***** DATA IN THIS EXERCISE

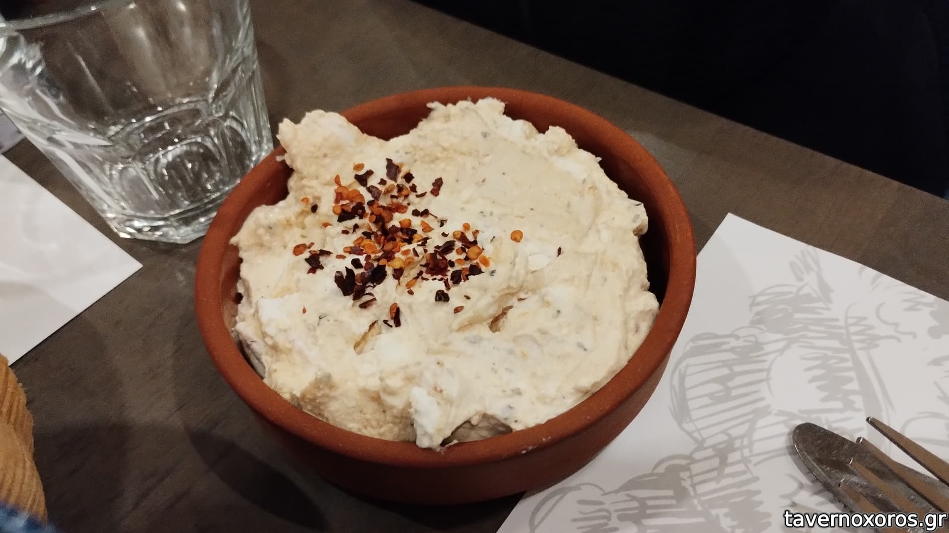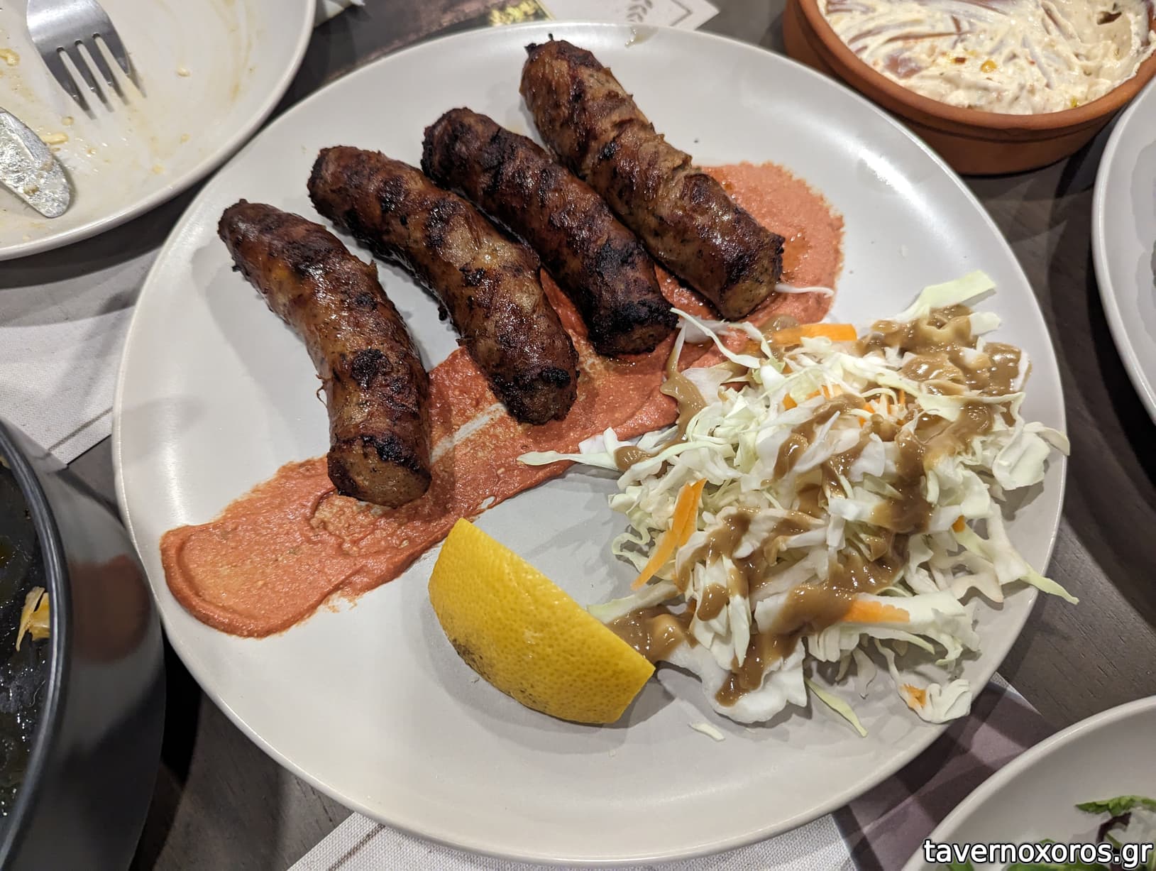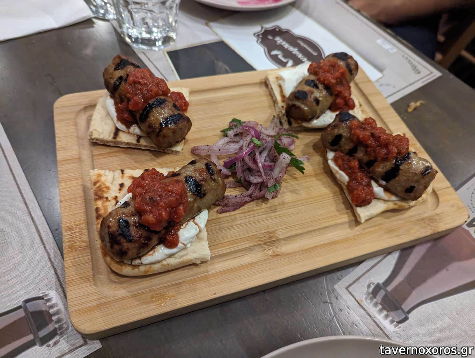 Φασόλια γίγαντες με λουκάνικο (ωραίος και χορταστικός μεζές), μισό τζατζίκι, μισή χτυπητή (χειροποίητα, συμπαθητικά)
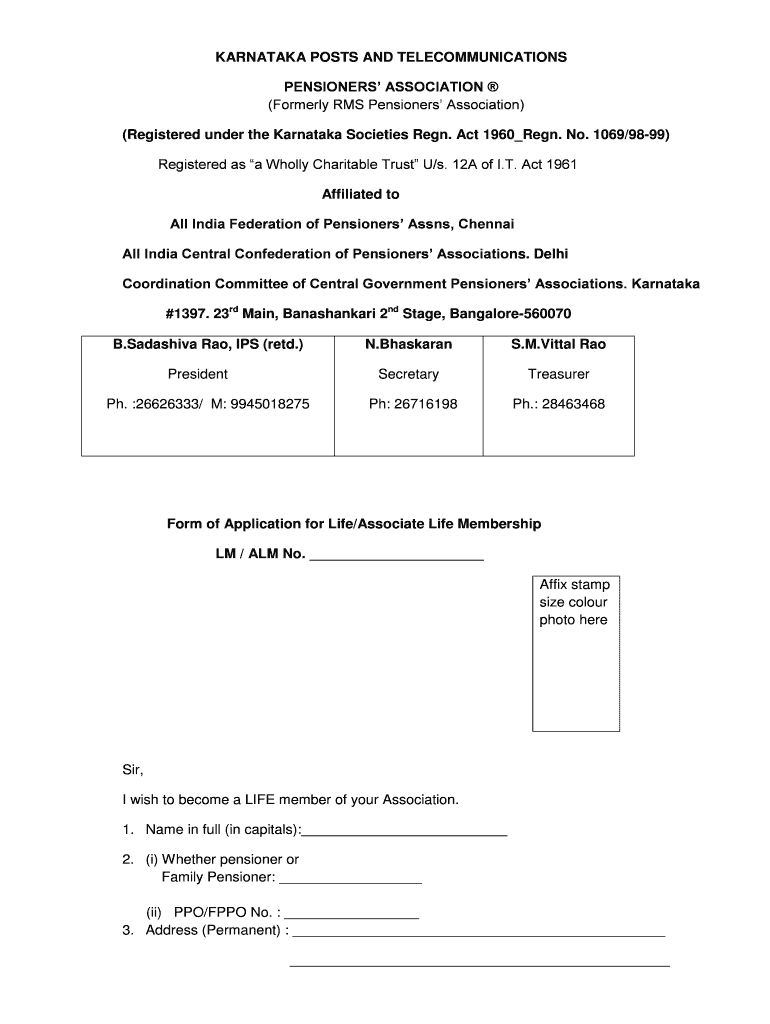 KARNATAKA POSTS AND TELECOMMUNICATIONS PENSIONERS ASSOCIATION (Formerly RMS Pensioners Association) (Registered under the Karnataka Societies Reign. Act 1960 Reign. No. 1069/9899) Registered as a
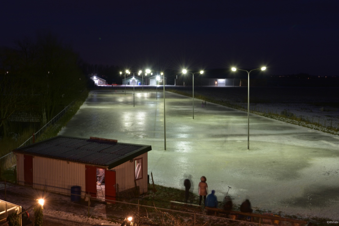 De ijsbaan ligt aan de Holwerterdyk, inrit naast nr. 11 en parkeren aan de overzijde van de Holwerterdyk. Vrijdag worden ook weer veel bezoekers verwacht, die voor een rondje schaatsen langs komen.
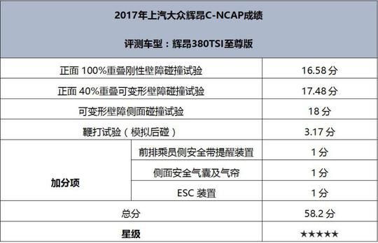 ????????輝昂成為“國(guó)家名片”,出色的安全性能同樣至關(guān)重要。在2017年度C-NCAP第一批車(chē)型的評(píng)價(jià)結(jié)果中,輝昂獲得58.2的高分,是C-NCAP 2015年版規(guī)則實(shí)施以來(lái)的最高分。
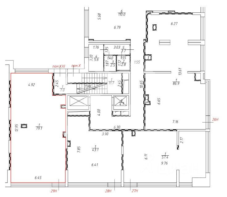 914275 . Предлагаем помещение свободного назначения формата Street Retail, площадью 79,1 кв. м., расположенное на первом этаже жилого дома в ЖК "LIFE-Варшавская".
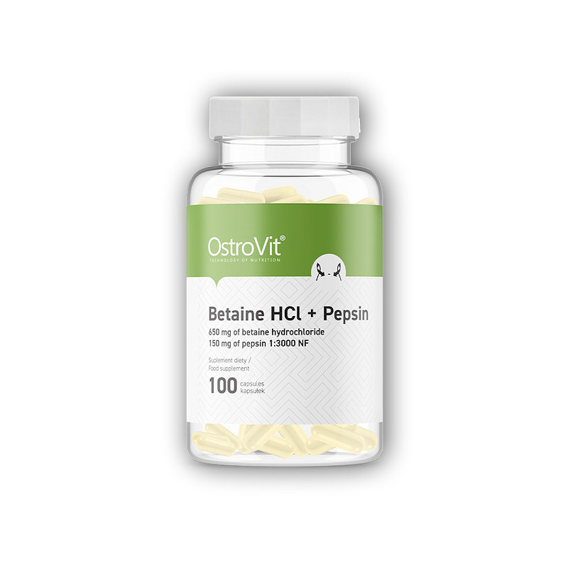 Složení: Betain hydrochlorid, pepsin 1:3000 NF, obal tobolky (plnidlo: hydroxypropylmethylcelulóza).
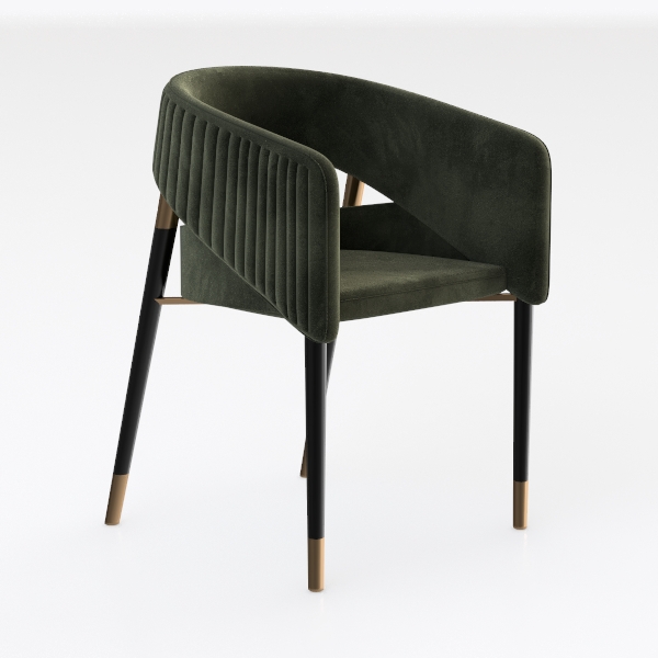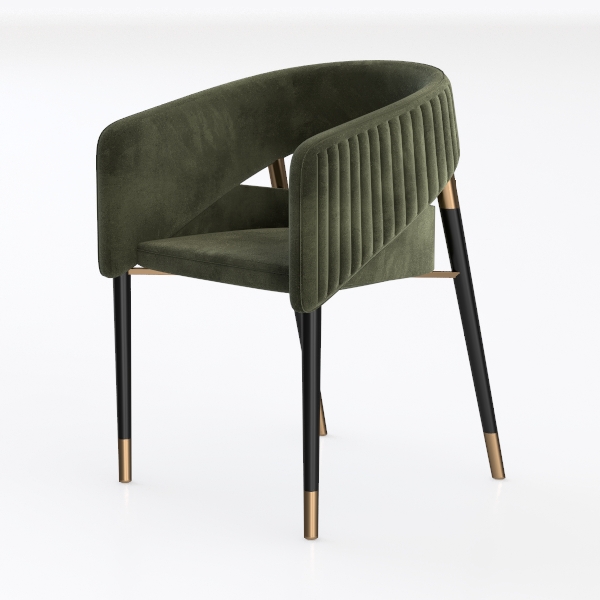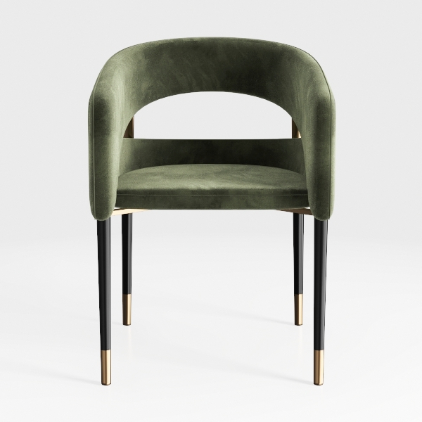 Echoes of mid-century modern design, this chair features soft velvet upholstery offering a plush, tactile experience. Sleek black legs with gold-tipped accents add elegant balance to the warm green hue, enhancing its sophisticated look. Ideal for contemporary dining or living spaces, it pairs beautifully with marble tables and metallic light fixtures, while the curved backrest ensures excellent support for extended comfort.
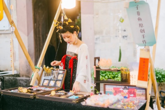 趁着傍晚开始消散的暑气,可以来逛一逛,购买饰品、文创,还有漆扇体验、手绘,感受穿越千年的烟火气吧!
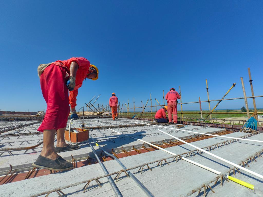 備戰(zhàn)全島封關(guān),相關(guān)硬件設施建設不能落后。在洋浦國際集裝箱碼頭附近,洋浦港封關(guān)運作項目建設現(xiàn)場一片繁忙,百余名工人頂著烈日或扎鋼筋,或拌水泥,或裝樓板,個個汗流浹背?!?月要完工,助力海南自貿(mào)港到今年底具備封關(guān)運作硬件條件?!表椖控撠熑死顤|冬說。
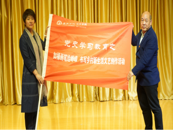 大会第一项,党总支副书记李万明为美术支部党史学习教育之--“如椽画笔绘峥嵘 书写乡村新生活”文艺创作活动进行授旗。2021年将迎来建党100周年华诞,选择石泉后柳、岚皋南宫山等乡村振兴示范点作为此次创作写生基地,就是要在青年员工中落实“立德树人”的根本任务,将“学史明理、学史增信、学史崇德、学史力行”贯穿到教学实践的各个环节。希望同学们通过手中的画笔,在淳朴的民风中汲取养分,用如椽画笔展现“乡村振兴”新画卷,精心绘画出祖国的大好河山,描摹出人民的幸福百态,以优异的作品献礼党的100周年华诞。
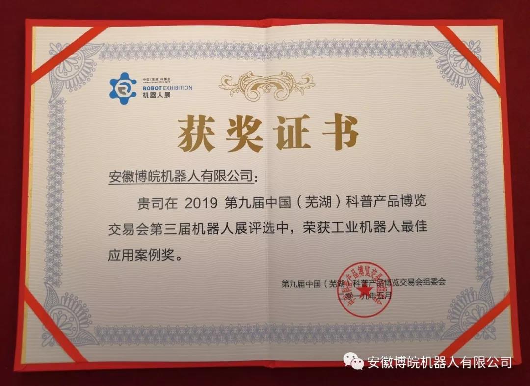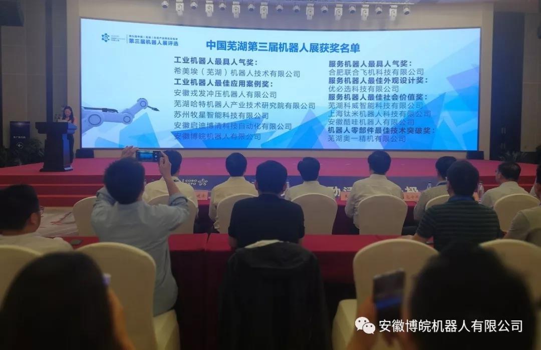 博诺经过大会的严格程序评选,安徽博皖机器人、安徽戎发冲压机器人、哈特机器人研究院、苏州牧星智能科技、安徽启迪博清科技荣获工业机器人最佳应用案例奖。

**********

* [WORK TASK] No pictures belong in the copy: reproduce exactly the lines above from the one that contains "Složení: Betain hydrochlorid, pepsin" through the last line of the entries.

* [ANSWER SECTION]
 Složení: Betain hydrochlorid, pepsin 1:3000 NF, obal tobolky (plnidlo: hydroxypropylmethylcelulóza).
 Echoes of mid-century modern design, this chair features soft velvet upholstery offering a plush, tactile experience. Sleek black legs with gold-tipped accents add elegant balance to the warm green hue, enhancing its sophisticated look. Ideal for contemporary dining or living spaces, it pairs beautifully with marble tables and metallic light fixtures, while the curved backrest ensures excellent support for extended comfort.
 趁着傍晚开始消散的暑气,可以来逛一逛,购买饰品、文创,还有漆扇体验、手绘,感受穿越千年的烟火气吧!
 備戰(zhàn)全島封關(guān),相關(guān)硬件設施建設不能落后。在洋浦國際集裝箱碼頭附近,洋浦港封關(guān)運作項目建設現(xiàn)場一片繁忙,百余名工人頂著烈日或扎鋼筋,或拌水泥,或裝樓板,個個汗流浹背?!?月要完工,助力海南自貿(mào)港到今年底具備封關(guān)運作硬件條件?!表椖控撠熑死顤|冬說。
 大会第一项,党总支副书记李万明为美术支部党史学习教育之--“如椽画笔绘峥嵘 书写乡村新生活”文艺创作活动进行授旗。2021年将迎来建党100周年华诞,选择石泉后柳、岚皋南宫山等乡村振兴示范点作为此次创作写生基地,就是要在青年员工中落实“立德树人”的根本任务,将“学史明理、学史增信、学史崇德、学史力行”贯穿到教学实践的各个环节。希望同学们通过手中的画笔,在淳朴的民风中汲取养分,用如椽画笔展现“乡村振兴”新画卷,精心绘画出祖国的大好河山,描摹出人民的幸福百态,以优异的作品献礼党的100周年华诞。
 博诺经过大会的严格程序评选,安徽博皖机器人、安徽戎发冲压机器人、哈特机器人研究院、苏州牧星智能科技、安徽启迪博清科技荣获工业机器人最佳应用案例奖。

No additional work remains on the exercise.